Introduction
Important applications related to PRIP Lab research include face recognition, fingerprint identification, document image analysis, 3D object recognition,
robot navigation, and visualization/exploration of 3D data.
PRIP Lab faculty and students investigate the use of machines to recognize a variety of patterns or objects. Methods are developed to sense objects,
to discover which of their features distinguish them from others, and to design algorithms that can be used by a machine to classify or cluster objects.

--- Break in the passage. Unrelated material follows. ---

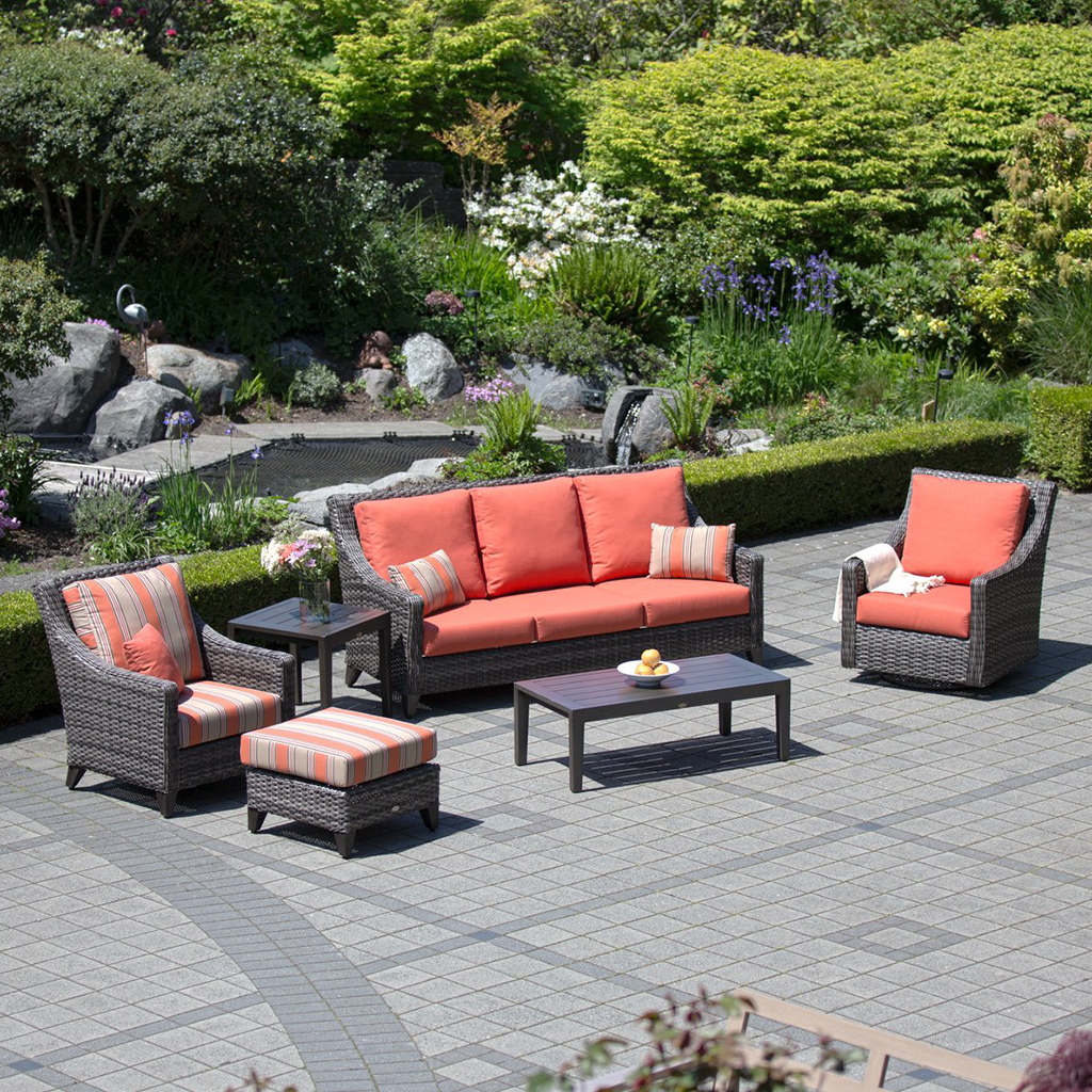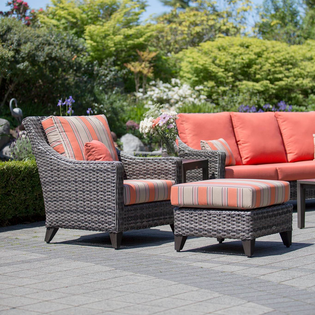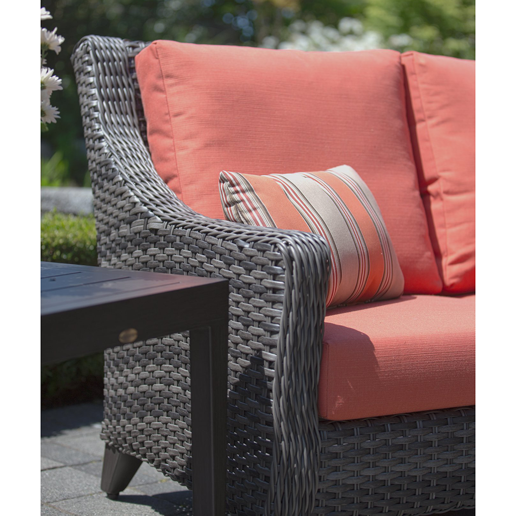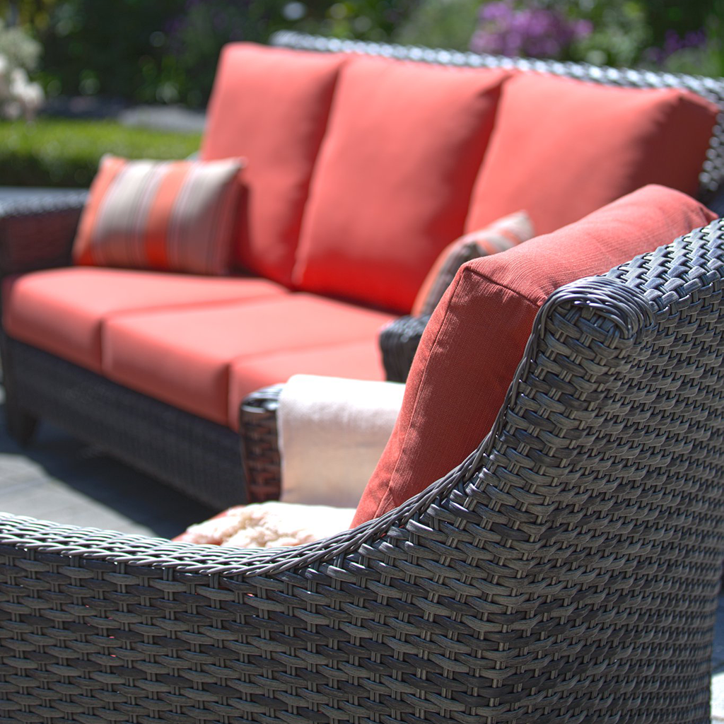 Our Ratana Boston patio set features a transitional design that combines comfort with a stylish aesthetic. Meticulously hand-woven with thick, braided resin and wrapped tightly over a powder coated aluminum frame, this patio furniture is durable enough to resist harsh weather elements.

Since many applications use a sensed image to initially represent the object much PRIP Lab research deals with images. A significant portion of our research
focuses on the development of algorithms to do feature extraction (such as finding the ends of ridges in a fingerprint) and matching (such as matching ridge
endpoints across two fingerprints) and on the organization of data to support efficient matching
Some recent projects include biometric authentication, automatic surveillance and tracking of people in a work area, face modeling, digital watermarking,
medical image segmentation, and analyzing structure of online documents. Description of both current and recent research projects can be found under
research from www.cse.msu.edu
Face Recognition Videos
3d Face
A 3D model of a face can be acquired using a laser scanner. We use this data to generate 2D images of the face under various
poses and lighting conditions to improve recognition. It is also used for 3D matching.
Face Expression
Using the 3D data of the face, expressions can be learned and applied to neutral models in order to better match faces with varying expression.
3D Finger
The latest technology for capturing fingerprints is able to acquire the finger in 3D. Typically, when fingerprints are captured, they become
distorted when the finger is pressed against a surface, where other problems with smearing and residue can occur. 3D fingers can be matched with 2D pressed images or with other
3D fingers without such problems.
Fingerprint Alignment
Automatic fingerprint matching is performed by applying image processing algorithms, extracting minutiae, finding the correspondences between a stored
finger and the input finger, and finally computing a score based on how well the minutiae match.